Exercise instructions =>
Output each line of the data below exactly, omitting any image.

Collected material =>
• • • •

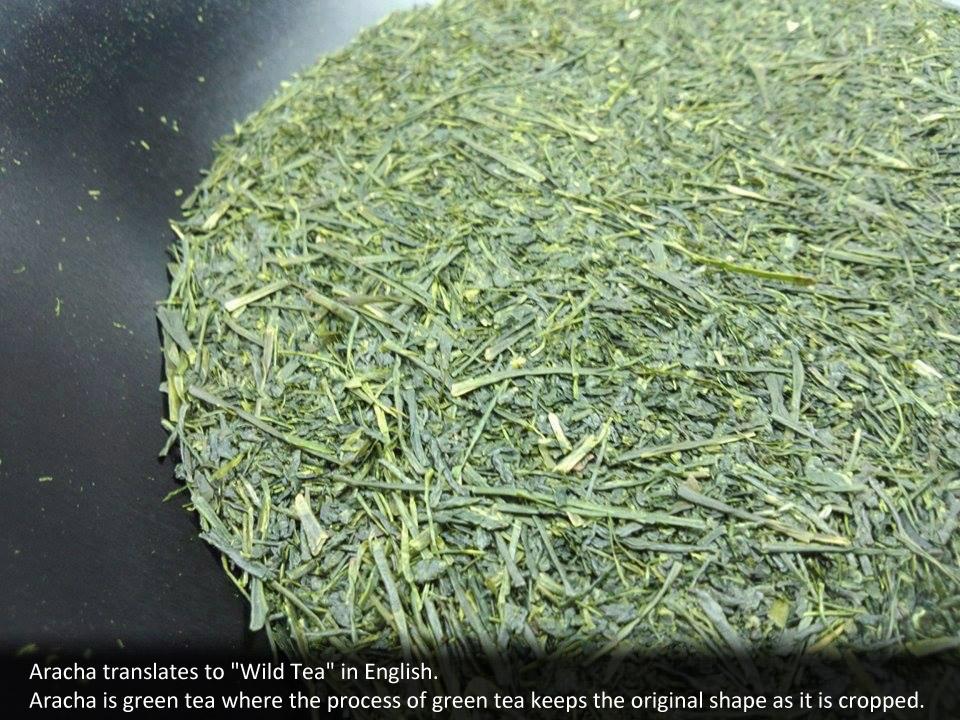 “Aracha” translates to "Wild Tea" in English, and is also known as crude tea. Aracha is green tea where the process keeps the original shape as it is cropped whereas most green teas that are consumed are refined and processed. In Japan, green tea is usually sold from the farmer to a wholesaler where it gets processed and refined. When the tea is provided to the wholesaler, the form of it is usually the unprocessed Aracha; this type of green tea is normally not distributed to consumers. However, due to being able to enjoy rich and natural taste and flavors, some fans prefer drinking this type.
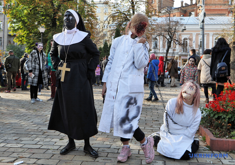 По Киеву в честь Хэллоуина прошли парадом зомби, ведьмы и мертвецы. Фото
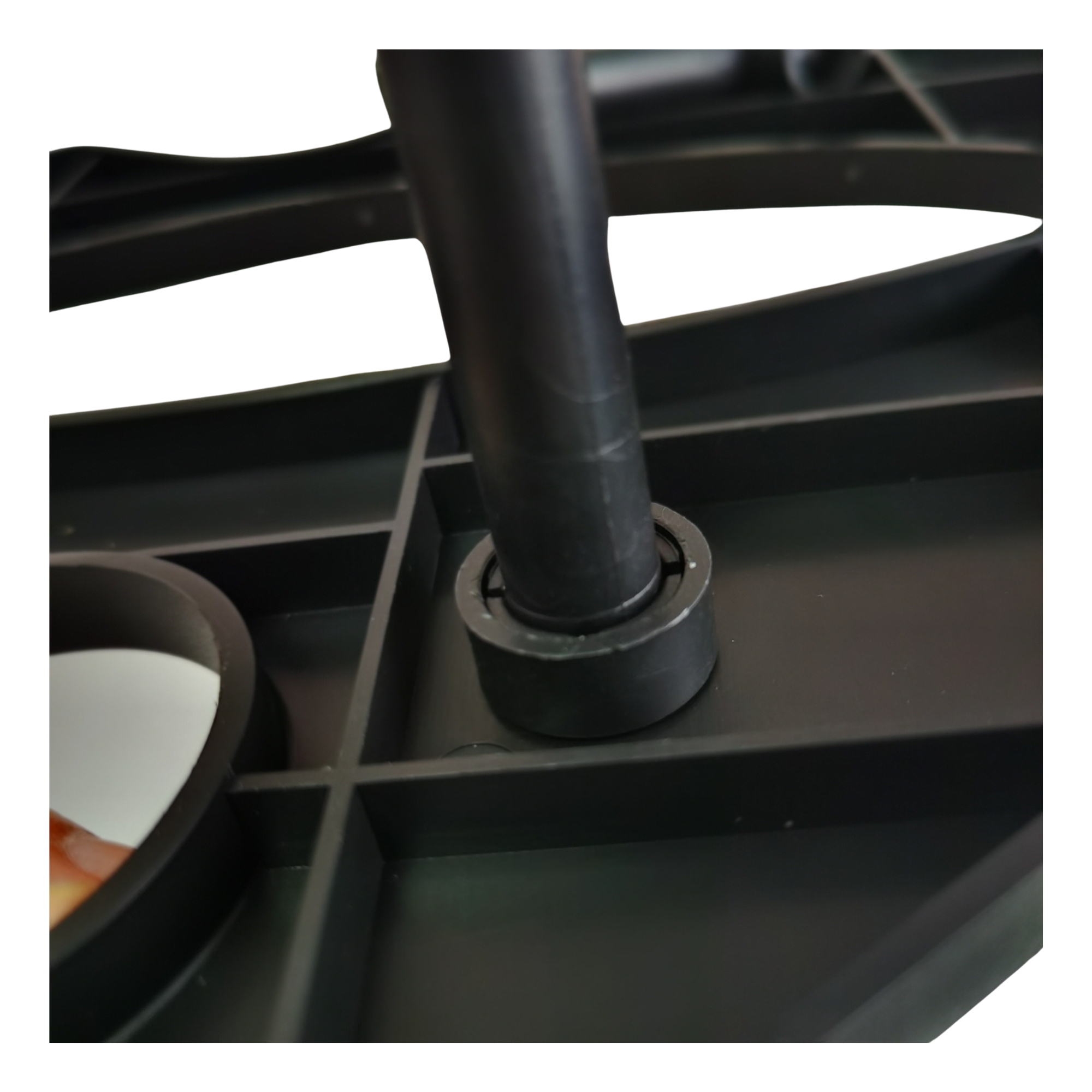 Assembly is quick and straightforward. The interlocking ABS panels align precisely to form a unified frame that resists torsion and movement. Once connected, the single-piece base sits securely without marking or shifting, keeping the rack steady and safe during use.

• • • •

Solution to this exercise =>
 “Aracha” translates to "Wild Tea" in English, and is also known as crude tea. Aracha is green tea where the process keeps the original shape as it is cropped whereas most green teas that are consumed are refined and processed. In Japan, green tea is usually sold from the farmer to a wholesaler where it gets processed and refined. When the tea is provided to the wholesaler, the form of it is usually the unprocessed Aracha; this type of green tea is normally not distributed to consumers. However, due to being able to enjoy rich and natural taste and flavors, some fans prefer drinking this type.
 По Киеву в честь Хэллоуина прошли парадом зомби, ведьмы и мертвецы. Фото
 Assembly is quick and straightforward. The interlocking ABS panels align precisely to form a unified frame that resists torsion and movement. Once connected, the single-piece base sits securely without marking or shifting, keeping the rack steady and safe during use.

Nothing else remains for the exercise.